И я рассказал – красочно, со всеми подробностями – как великий насмешник и редкий негодяй Давид Бурлюк ради Дня дурака решил разыграть юного поэта.
Был нанят спившийся актер-трагик. Было немного фосфора, немного серы, много кокаина. Был, наконец, мальчишка, страшно талантливый, страшно мнительный, страшно неуверенный в себе. Неимоверно честолюбивый.
Сознающий свою слабость в сравнении с вершителями дум тех лет… и одновременно – ощущающий тонким нервом, что они ему в подметки не годятся, никто они против него и ничто… В обмен на душу мальчишке была обещана мировая поэтическая слава – в течение семнадцати долгих-долгих лет. А потом, когда срок истечет…
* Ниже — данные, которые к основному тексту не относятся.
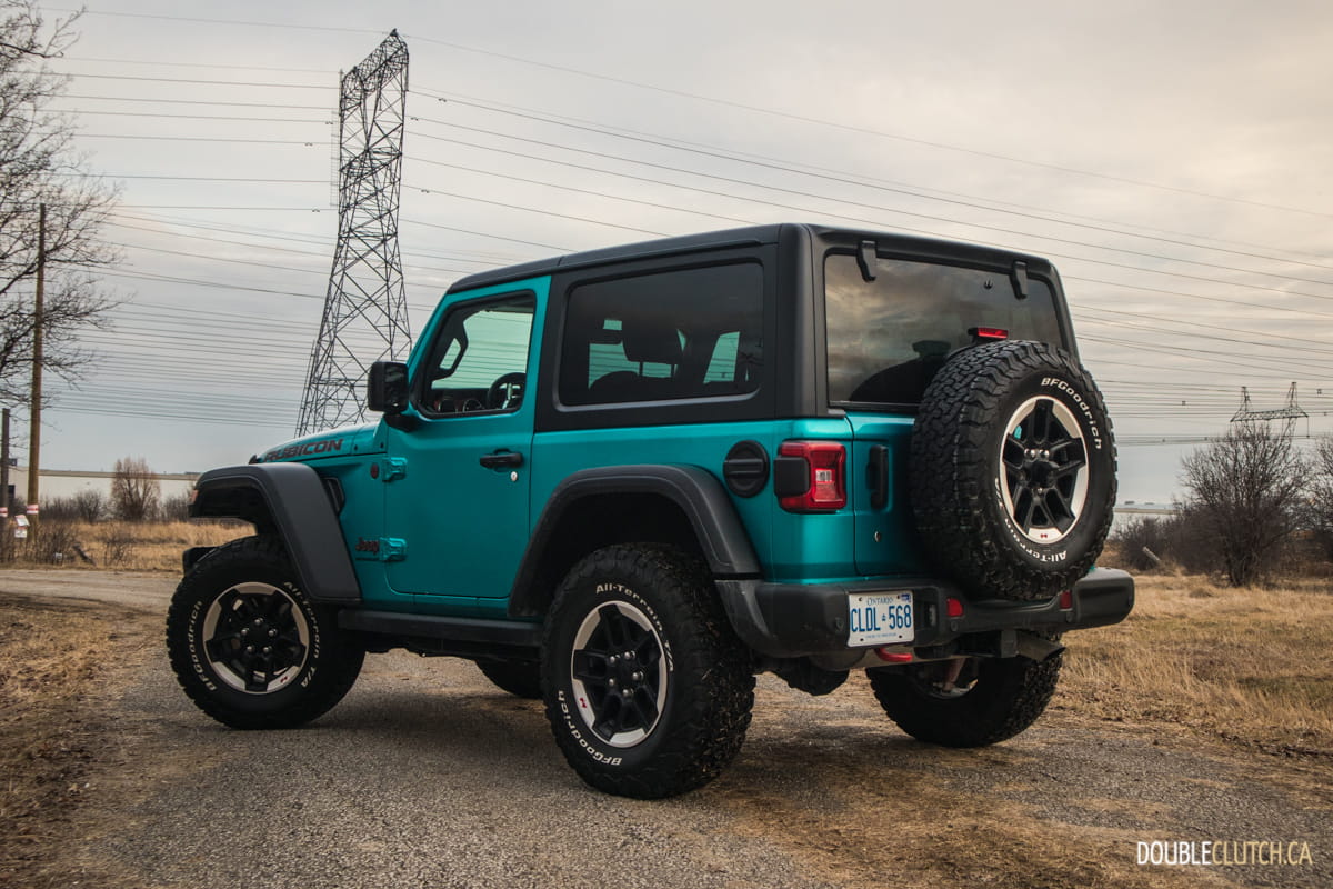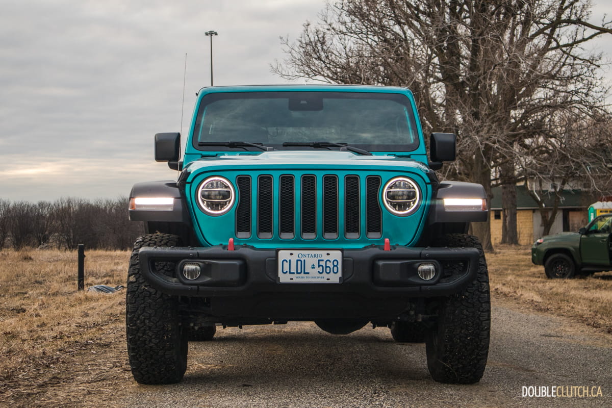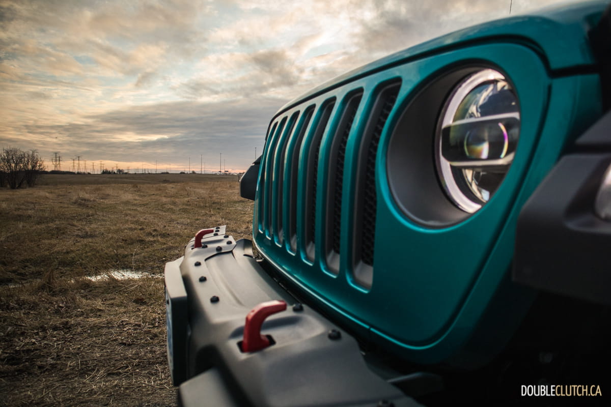This is the 2020 Jeep Wrangler Rubicon 4×4, borrowed for an in-depth look. Fiat-Chrysler Automobiles had achieved the impossible when designing the fourth generation “JL” Wrangler – it remained instantly recognizable while looking refreshed and more modern. The optional LED lighting system looks great on the JL Wrangler’s simple exterior design, and the optional 17-inch wheels suit the sporty look of the Rubicon trim very well. We have to commend FCA designers for offering us an excellent array of colours to choose from, with cool names to match such as HellaYella, Punk’n Metallic, Sting Gray, and the awesome paint scheme worn by our tester, Bikini Pearl.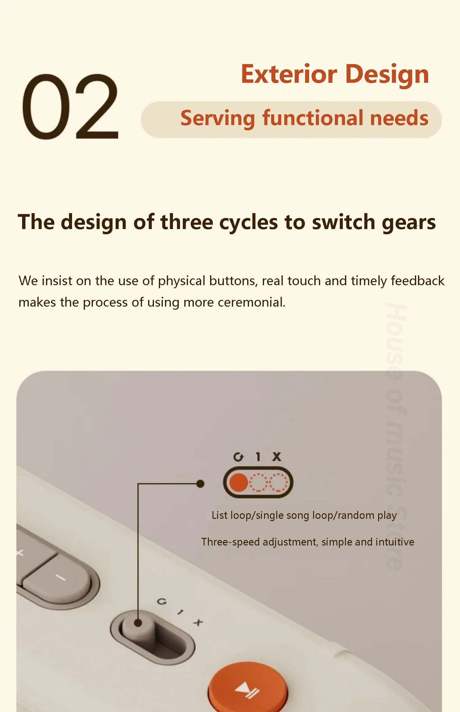 4: El diseño de los tres engranajes de conmutación de ciclo, insistimos en el uso de botones físicos, el sentido real del tacto y la retroalimentación oportuna para hacer el uso del proceso más ceremonial.

– Но ведь есть, есть, есть слава! – кричал он, бегая по комнате. – Ты не можешь этого отрицать! А ты мертвый! И стихи твои мертвые! Изысканный жираф! Брабантские манжеты! Царица Содома!
– Я, конечно, не претендую на титул «живее всех живых», – сказал я, пуская колечко, – но все же некоторым образом…
– Вот именно, что некоторым! Образом! Образом – вдумайся в это! Образом! Ты навсегда останешься поэтом для недоучившихся гимназистов!
– Пусть так. Но – заметь – гимназистов, а не рабфаковцев. Рабфак. Американцев приводит в телячий восторг это слово. Однако, Володя, я зашел не за этим…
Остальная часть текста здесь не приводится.